The paper addressed the main features of a methodology for the hydrodynamic optimization and systematic hull form development of fast displacement catamarans. The procedure is based on a methodology for the minimization of the calm water resistance, particularly the wave resistance, of slender, twin hull vessels of arbitrary shape, considering their seakeeping performance and various geometric parameters set by design or by other operational constraints. Alternative mathematical models and computer algorithms for the wave resistance of arbitrarily shaped hull forms have been developed and applied herein, namely simplified thin ship theory approaches based on Michell's original source distribution concept but accounting for asymmetries of the slender/thin demihull forms through a doublet distribution and alternatively a 3D panel source method, that is based on the 3D Green function approach and is generally applicable to arbitrary hull forms. The developed theoretical-numerical methods have been applied to the hull form development of a variety of Fast Displacement Catamarans. Comparative theoretical and experimental results for the wave resistance and horsepower requirement of two SWATH ships and two Displacement Catamarans were presented and discussed, considering their overall hydrodynamic and efficiency performance.
The ferry “SUPERCAT-HAROULA” (NTUA code: GOUTCAT) is one of the largest steel catamaran ships ever built world-wide and the first one of this type and size built in Greece. With a transport capacity of 1.500 passengers (summer season)/240 cars and an installed horsepower of 2×6.500 HP, she will have a service speed of abt 21.0 knots.

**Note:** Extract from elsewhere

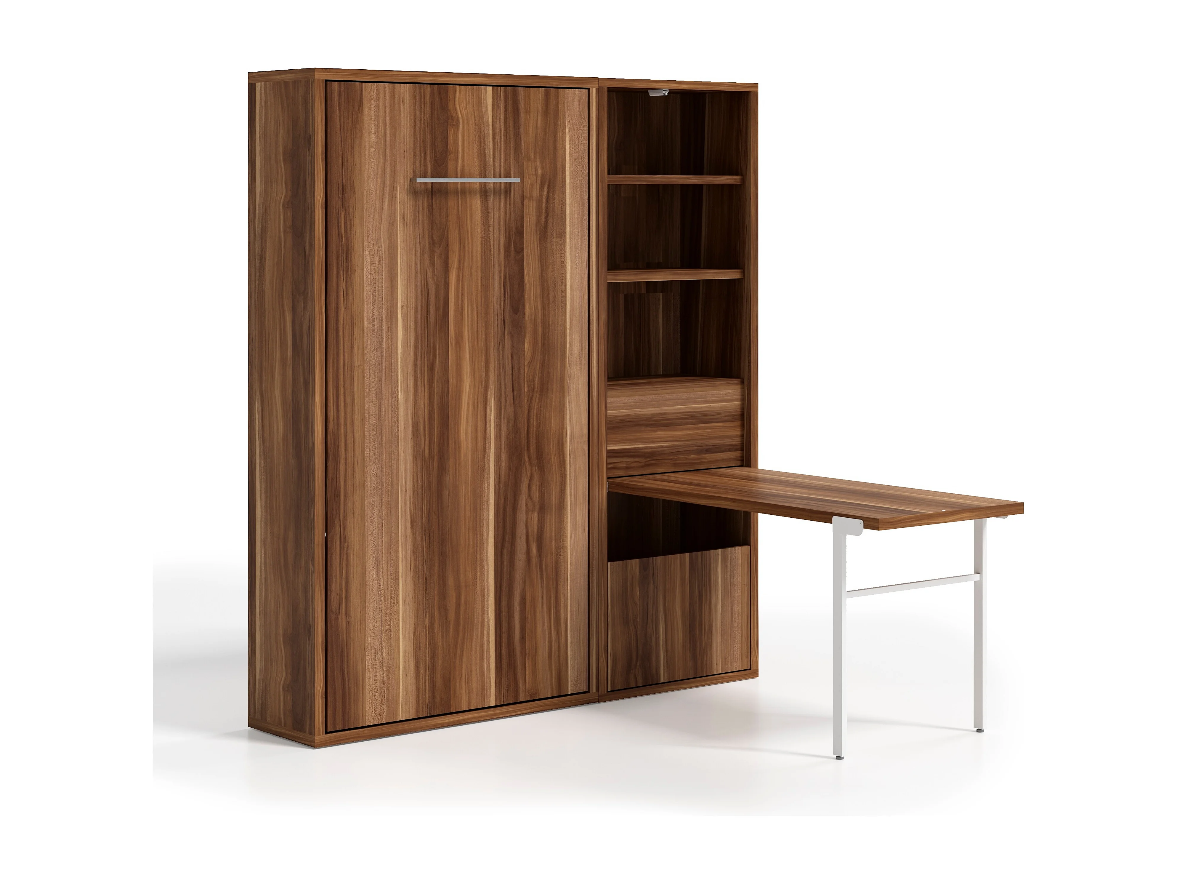 Cama abatible vertical 160x200 cm con armario y escritorio Kampo-Encofrado Nogal-Frente Nogal

The vessel's beam was fixed to the lowest possible limit by design requirements, namely the car-deck arrangements and the reduced structural weight. In addition, the small beam results to a relatively “small” GM value of between 8.20 and 11.05m, depending on the loading condition, and a reasonable eigenperiod for roll of abt 6.0 sec, what contributes greatly to an acceptable seakeeping behaviour for the designed vessel, as compared with other catamaran designs and related concepts.
This value was at first theoretically predicted and later fully confirmed by the model experiments at VWS Berlin. The propulsive efficiency coefficient ηD, at design speed, is according to the model experiments approximately 75%.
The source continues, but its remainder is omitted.